Fact Sheets

/Fact Sheets

MCERC Animal Fact Sheet

Each section here is dedicated to an animal that MCERC does research on. Hover over each icon to learn fun facts about each species!

Humpback Whales

Megaptera novaeangliae

Humpback whales are known for their unique and beautiful songs. These songs can be heard from miles away and are often a sequence of moans, howls, and cries.

Humpbacks undergo seasonal migrations, traveling between their feeding and breeding grounds.

Humpback whales exhibit different behaviors, like breaching, spyhopping, and more.

Humpback whale populations severely decreased during the height of the commercial whaling industry, however, most populations have been able to recover!

Killer (Orca) Whales

Orcinus orca

Killer whales can make a wide variety of sounds to communicate with other members of their pod. Each pod can actually have its own distinctive sounds too!

Killer whale pods can either be resident or transient.

Killer whales use echolocation to hunt.

Killer whales are a highly intelligent species, often coordinating different hunting techniques to efficiently catch their prey.

Amazon River Dolphins

Inia geoffrensis

Males are often pink in color and become more attractive to the females the brighter they are!

The Amazon River Dolphin lives exclusively in the Amazon River.
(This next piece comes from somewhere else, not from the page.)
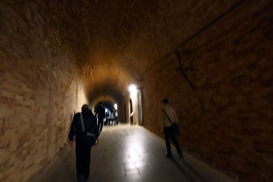 階段を下ったところに、予備の砲弾を置いていたのでしょうか。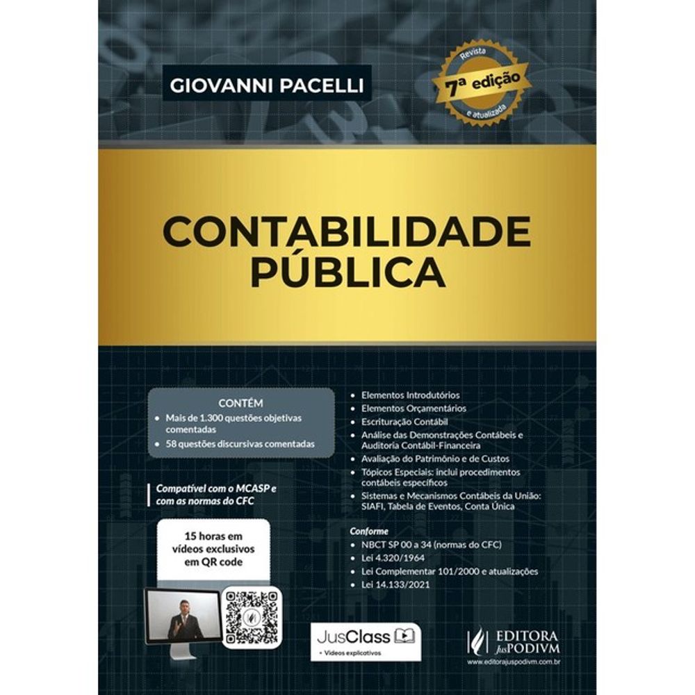 Fazem parte integral desta obra 25 corolários (contribuição exclusiva deste autor para a ciência contábil no setor público) e 120 videochamadas do autor disponíveis em QR Codes de forma gradual e progressiva contendo a visão do professor e autor sobre aquele tópico (normalmente os tópicos mais complexos).

The Amazon River Dolphin uses echolocation to find its food.

The only threat to the Amazon River Dolphin is humans.

Trichechus manatus

Manatees are aquatic herbivores, often enjoying a diet of seagrass and different aquatic plants.
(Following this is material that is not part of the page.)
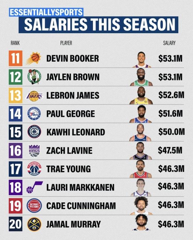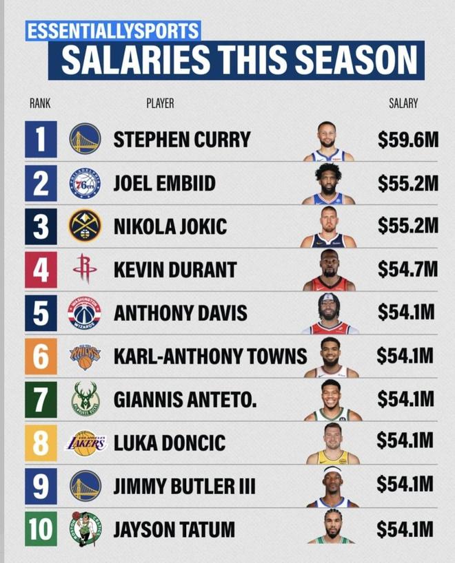 最近外媒整理了本賽季球員薪資榜,庫(kù)里排第1,恩比德、約基奇緊跟其后,一眼看過去全是五千萬美元起步的數(shù)字。更刺激的是,同一檔位里既有已經(jīng)三十多歲的老面孔,也有正當(dāng)打的新核心,球隊(duì)還分布在不同爭(zhēng)冠窗口里:有人拿的是當(dāng)下戰(zhàn)力的“即刻回報(bào)”,有人拿的是未來幾年繼續(xù)加碼的“長(zhǎng)期押注”。同樣是頂薪,誰的合同最值、誰的合同最容易被吐槽,就得把國(guó)籍、年齡、所在隊(duì)、人民幣換算和合同截止時(shí)間一起攤開看了。

Manatees never leave the water, but they come to the surface to breathe. They can be found in both fresh AND salt water!

Manatees are strong swimmers due to their paddle-shaped tail.
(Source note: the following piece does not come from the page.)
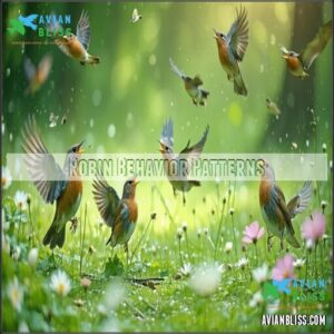 When robins aren’t singing to each other, they’re engaging in complex social dynamics. You’ll notice these birds aren’t always friendly neighbors—territorial disputes erupt frequently during breeding season.

Manatees fart to adjust their buoyancy!


Dugong dugon

The closest living aquatic relative of the dugong is the manatee, however, they are actually more closely related to elephants than other marine mammals!

Dugongs live exclusively in saltwater and are herbivores, like the manatee!

Dugongs are at risk to different anthropogenic impacts, like fishing gear entanglements and boat strike injuries.

Dugongs don't have great eyesight, but they do have excellent hearing. They communicate using barks, chirps, squeaks, trills and other sounds - similar to walruses!


Sharks are part of a group called "elasmobranches"

Sharks do not have bones! Instead, they are made of cartilaginous tissues.

Hundreds of different shark species can be found in oceans across the world.

Sharks have unique electroreceptor organs that aid in capturing prey!

Shark teeth are infinite! They are constantly losing and growing teeth.

Sea Turtles

Sea Turtles are part of an order called "Testudines"

Green sea turtles actually get their name from the green color of their fat!

There are 7 different species of sea turtles worldwide!

The largest species of sea turtles are the leatherbacks, measuring up to 6ft long and weighing between 550 - 2,000 lbs!

Every year, thousands of female Kemp’s Ridley sea turtles congregate along beaches in Mexico to nest together in what is known as “arribadas.”